FIG. 6 is a sectional view schematically showing a section taken along line AA of FIG. 5;

FIG. 7 is a layout diagram illustrating a signal transmission path from a local oscillation circuit to a mixer IC in an LNB of the satellite broadcast receiving apparatus according to the present invention.

FIG. 8 is a diagram for explaining the arrangement of mixer circuits in a conventional LNB.
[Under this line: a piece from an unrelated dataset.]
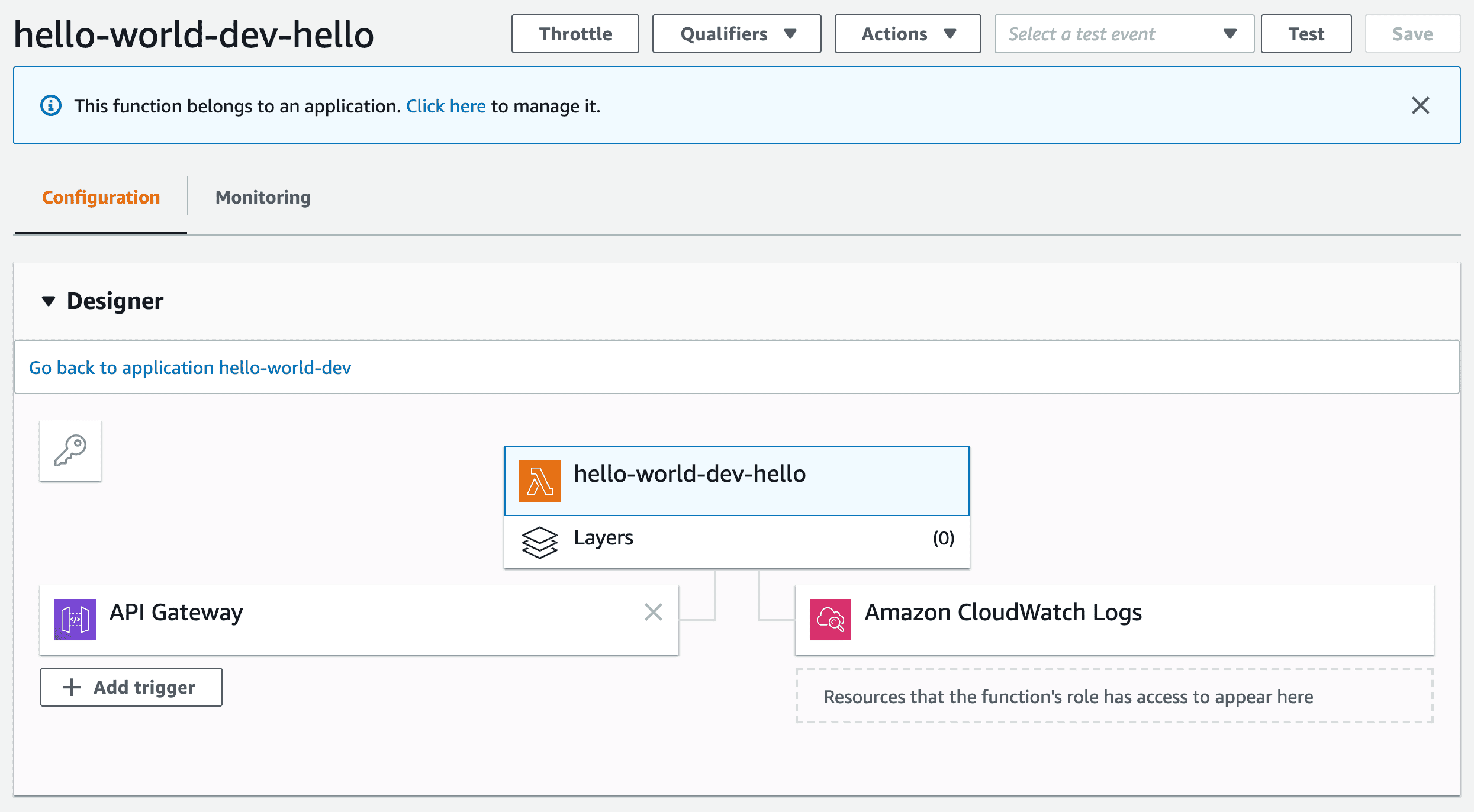 Our service is called hello-world and there's a couple details about our provider. The stage tells the difference between development, QA, and production deployments. More on that in the Dev, QA, and prod chapter.

FIG. 9 is a sectional view schematically showing a section taken along line BB of FIG. 8;

FIG. 10 shows a local oscillation circuit 12 in a conventional LNB.
FIG. 3 is a layout diagram illustrating a signal transmission path from 0 to a mixer IC 82.

[Explanation of symbols]

1 satellite broadcast receiving device, 2 input horn, 8,14
Bandpass filter, 20 power supply circuit, 22 select circuit, 24 IF amplifier, 26 capacitor, 10, 1
6 mixer, 28 F plug connector, 12, 18 local oscillation circuit, 32, 94 chassis, 34, 36, 92 board, 42, 46 frame, 52 input horn, 54
F plug connector, 62, 64, 66 connection pin, 76
RF signal line, 78 local signal line, 80 output wiring, 84, 86, 70, 72, 74, 112, 11
4,140,142,144,146 wall, 100
Frame, 120, 124 Stripline, 120
Local oscillation circuit, 122 dielectric resonator, 62, 64 connection pin, 128 capacitor, 96, 98 radio wave absorber, 126 local IC, 82 mixer IC.

Claims (4)

[Claims] 1. A plurality of local oscillation circuits, respectively provided corresponding to the plurality of local oscillation circuits,
A plurality of mixer circuits for mixing an output of each of the local oscillation circuits and an RF signal; and a first local oscillation circuit which is one of the plurality of local oscillation circuits and a corresponding one of the plurality of mixer circuits. A substrate on which at least one first mixer circuit is mounted; a conductive chassis for mounting the substrate; a conductive frame for covering the opposite side of the substrate from the side in contact with the chassis; and a conductive frame provided on the substrate. And an RF signal line for inputting the RF signal to the first mixer circuit, wherein the RF signal line is located between a first wiring portion and the first wiring portion and the mixer circuit. A second frame portion, the first frame portion sandwiching the first mixer circuit between the substrate, and a second frame portion sandwiching the second wiring portion between the substrate. Frame part 2 And a distance between the second frame portion and the substrate is smaller than a distance between the first frame portion and the substrate. 2. A local signal line provided on the substrate, for inputting an output of the first local oscillation circuit to the first mixer circuit, wherein the local signal line is connected to a third wiring portion. A fourth wiring portion located between a third wiring portion and the mixer circuit;
Wherein the frame further includes a third frame portion sandwiching the fourth wiring portion between the substrate and the substrate, wherein the distance between the third frame portion and the substrate is 2. The satellite broadcast receiving device according to claim 1, wherein the distance is smaller than a distance between one frame portion and the substrate. 3. The frame, a fourth frame portion sandwiching the first wiring portion between the substrate and a fifth frame portion sandwiching the third wiring portion between the substrate and the substrate. The distance between the first frame portion and the substrate is smaller than the distance between the fourth frame portion and the substrate and the distance between a fifth frame portion and the substrate. The satellite broadcast receiving device as described in the above. 4. The frame, a fourth frame portion sandwiching the first wiring portion between the substrate and a fifth frame portion sandwiching the third wiring portion between the substrate and the substrate. And further comprising sixth and seventh frame portions respectively covering regions on both sides of the third wiring portion on the substrate, the distance between the sixth frame portion and the substrate, and the seventh frame portion. 3. The satellite broadcast receiving device according to claim 2, wherein a distance between the substrate and the substrate is smaller than a distance between the fifth frame portion and the substrate. 4.